Hi Guys, Below is a super cool article about how researchers are making breakthroughs in Future hard drive technology by using lasers as opposed to magnetic fields. The results is HD's that are 100 times faster than today's current standards. (even faster than SSD)
Check it out...
A team of researchers from across Europe and Asia has demonstrated a
way of using laser heat rather than magnetic fields to store data,
potentially increasing the speed of your hard drive by 100 times or
more.
Tom Ostler — a physicist at the University of York, which led the
research project — tells Wired that this would allow your machine to
save files much faster, but also reduce the machine’s power consumption
by avoiding traditional magnetic storage techniques.
This month, Ostler and his colleagues — who span research
institutions in Spain, Switzerland, Ukraine, Russia, Japan and, the
Netherlands — published a paper describing their breakthrough in the
pages of Nature Communications.
Typically, data is written to hard drives using magnetic fields. By
shifting fields, you can write 1′s and 0′s, changing the polarization of
the material where the data is stored. One polarization represents a 1;
another represents a 0.
Heat has long been the enemy of this technique, because it distorts
the fields. But with their paper, Ostler and crew have shown a way using
heat that changes a material’s polarization without using magnetic
fields, storing thousands of gigabytes of data in a single second.

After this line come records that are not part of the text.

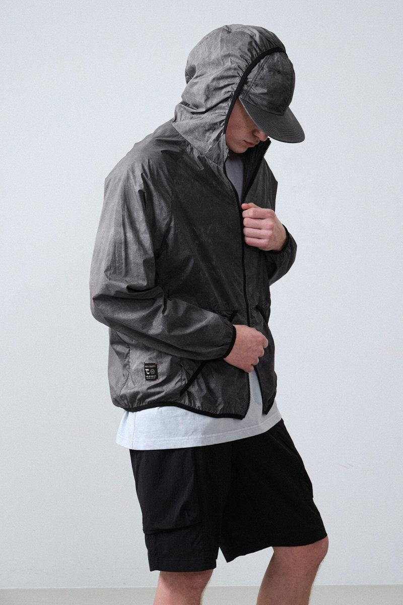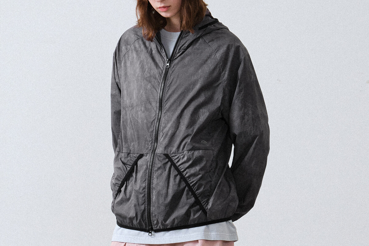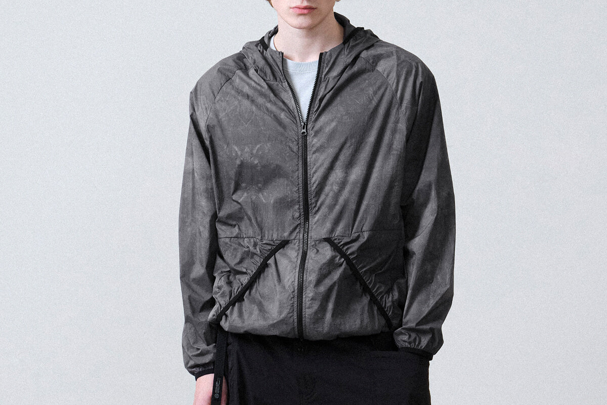 HELEMENTのシグネチャーモデル「モンブラン」のシルエットをベースに、オリジナルのパターンプリントと機能的なディテールを融合した高機能シェルジャケット。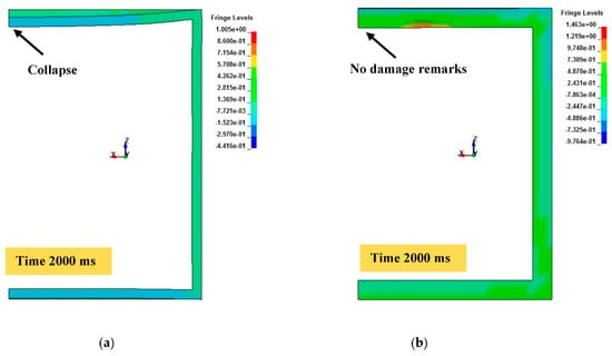 On the other hand, Fallan and Louca [] simplified the structure to an equivalent elastic-perfect plastic SDOF model. This model defined the damage levels according to the maximum deflection of structure (yc). Thus, various damage levels were suggested corresponding to the value of yc, which is set to be the mid-height lateral displacement of the structural member to reduce uncertainties in predicting the critical deflections, as shown in Table 2. This damage criterion was used by Mussa et al. [] in order to assess the damage level of a box-shaped tunnel.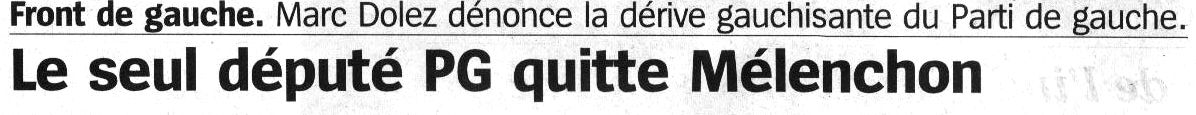 Le départ de Dolez s’inscrit donc dans une démarche que certains qualifieraient de « droitière » pour son indéniable tropisme de polarisation par un PS tombé dans les eaux glacées capitalistes du rapport Gallois mais avec l’inconvénient qu’un tel étiquetage vaudrait labellisation d’un cours de gauche pour identifier l’orientation suivie par le PG. Or, sans aller plus loin dans l’analyse de la question, on relèvera que le démissionnaire passe à côté de ce qui est, pour nous, la caractéristique essentielle de ce parti : l’articulation, d’une part, d’un verbe tout en radicalité assumant en effet le clash avec « Hollandréou », et, d’autre part, des déclarations (des pratiques aussi) ouvrant vers le Parti Socialiste.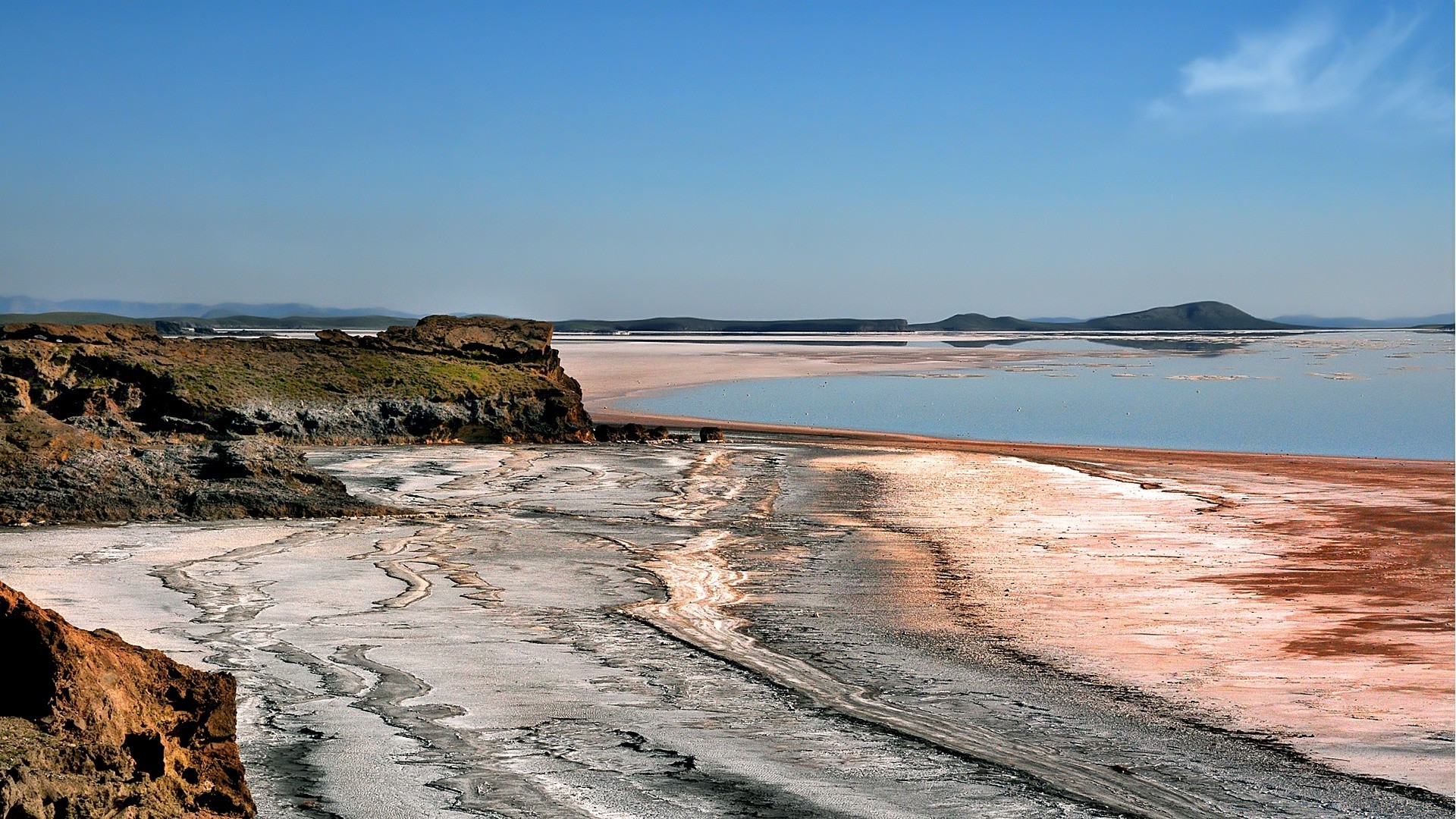Ein Fluss inmitten einer Schlucht unter blauem Himmel

Basically, their laser blasts a 60-femtosecond pulse — that’s 60
quadrillionths of a second — onto a material made primarily of iron and
gadolinium.
The iron and the gadolinium are aligned in “anti-parallel,” meaning
their charges are pointing in opposite directions. But after the laser
pulse, the iron demagnetizes more quickly than the gadolinium, and for
reasons that Ostler’s group is still trying to understand, it always
switches direction when it cools. This is known as a “single switching
event,” one of the fundamental actions of storage.
The whole process, the paper claims, happens in less than 5 picoseconds, or 5 trillionths of a second.
This not the first instance of lasers recording data. Claudiu Daniel
Stanciu, a researcher at Radboud University in the Netherlands,
published his thesis on
laser-induced femtosecond magnetic recording. And TDK, a drive head
manufacturer, unveiled a similar idea in October of last year.
Yes, the technique still needs refining before reaching everyday
machines. “We believe it could go beyond the current state of the art,
as long as we can get the engineering down,” Ostler says, guessing that
it will be about 10 years before the technology hits the commercial
market.
The rub is that writing data is only half the battle. The paper
doesn’t cover reading data, and Ostler admits that there’s still no
faster way of reading data without magnetic fields.